# [Exercise instructions]
Produce a faithful copy of the data, one that leaves out the pictures.

** Opening Data extract block **

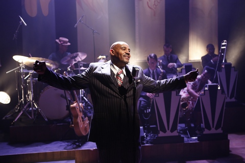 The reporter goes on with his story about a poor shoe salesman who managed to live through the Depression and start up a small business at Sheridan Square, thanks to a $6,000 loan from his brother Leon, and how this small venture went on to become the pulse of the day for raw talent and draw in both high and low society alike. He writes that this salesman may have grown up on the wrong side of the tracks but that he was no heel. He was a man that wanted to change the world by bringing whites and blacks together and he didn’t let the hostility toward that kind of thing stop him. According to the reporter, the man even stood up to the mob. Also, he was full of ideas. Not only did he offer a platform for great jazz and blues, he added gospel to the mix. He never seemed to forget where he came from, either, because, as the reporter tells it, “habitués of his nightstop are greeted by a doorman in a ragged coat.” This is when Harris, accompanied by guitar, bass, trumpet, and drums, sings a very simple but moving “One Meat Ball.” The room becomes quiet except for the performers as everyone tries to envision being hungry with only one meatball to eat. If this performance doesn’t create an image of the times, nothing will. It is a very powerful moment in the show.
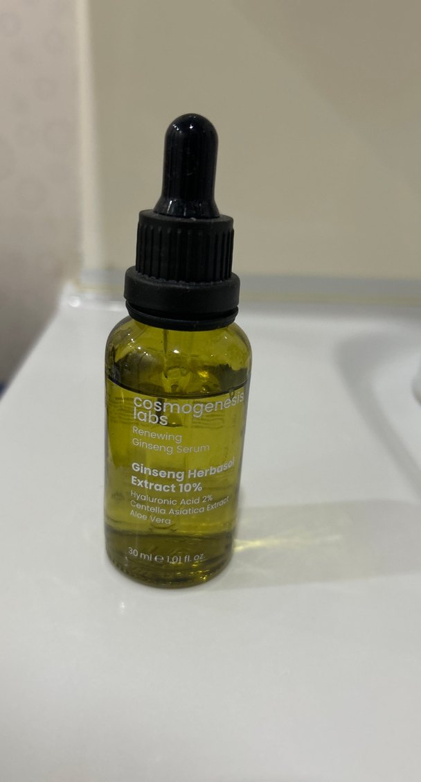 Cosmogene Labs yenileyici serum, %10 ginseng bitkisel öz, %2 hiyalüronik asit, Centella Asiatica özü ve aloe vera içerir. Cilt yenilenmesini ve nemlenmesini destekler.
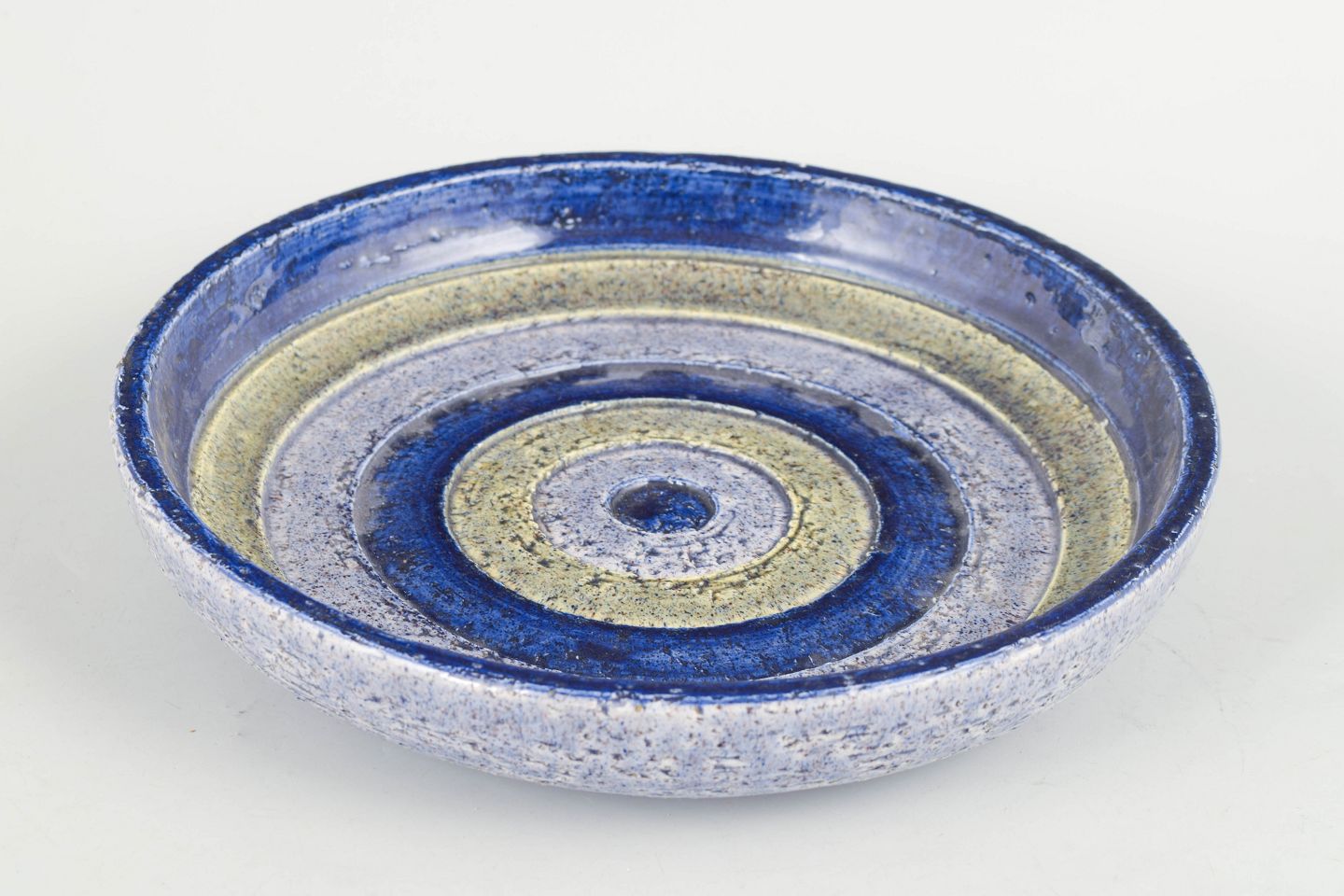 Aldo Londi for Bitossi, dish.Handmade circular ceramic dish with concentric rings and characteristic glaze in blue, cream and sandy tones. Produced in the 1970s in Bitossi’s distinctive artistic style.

** Closing Data extract block **

# [Result of this exercise]
 The reporter goes on with his story about a poor shoe salesman who managed to live through the Depression and start up a small business at Sheridan Square, thanks to a $6,000 loan from his brother Leon, and how this small venture went on to become the pulse of the day for raw talent and draw in both high and low society alike. He writes that this salesman may have grown up on the wrong side of the tracks but that he was no heel. He was a man that wanted to change the world by bringing whites and blacks together and he didn’t let the hostility toward that kind of thing stop him. According to the reporter, the man even stood up to the mob. Also, he was full of ideas. Not only did he offer a platform for great jazz and blues, he added gospel to the mix. He never seemed to forget where he came from, either, because, as the reporter tells it, “habitués of his nightstop are greeted by a doorman in a ragged coat.” This is when Harris, accompanied by guitar, bass, trumpet, and drums, sings a very simple but moving “One Meat Ball.” The room becomes quiet except for the performers as everyone tries to envision being hungry with only one meatball to eat. If this performance doesn’t create an image of the times, nothing will. It is a very powerful moment in the show.
 Cosmogene Labs yenileyici serum, %10 ginseng bitkisel öz, %2 hiyalüronik asit, Centella Asiatica özü ve aloe vera içerir. Cilt yenilenmesini ve nemlenmesini destekler.
 Aldo Londi for Bitossi, dish.Handmade circular ceramic dish with concentric rings and characteristic glaze in blue, cream and sandy tones. Produced in the 1970s in Bitossi’s distinctive artistic style.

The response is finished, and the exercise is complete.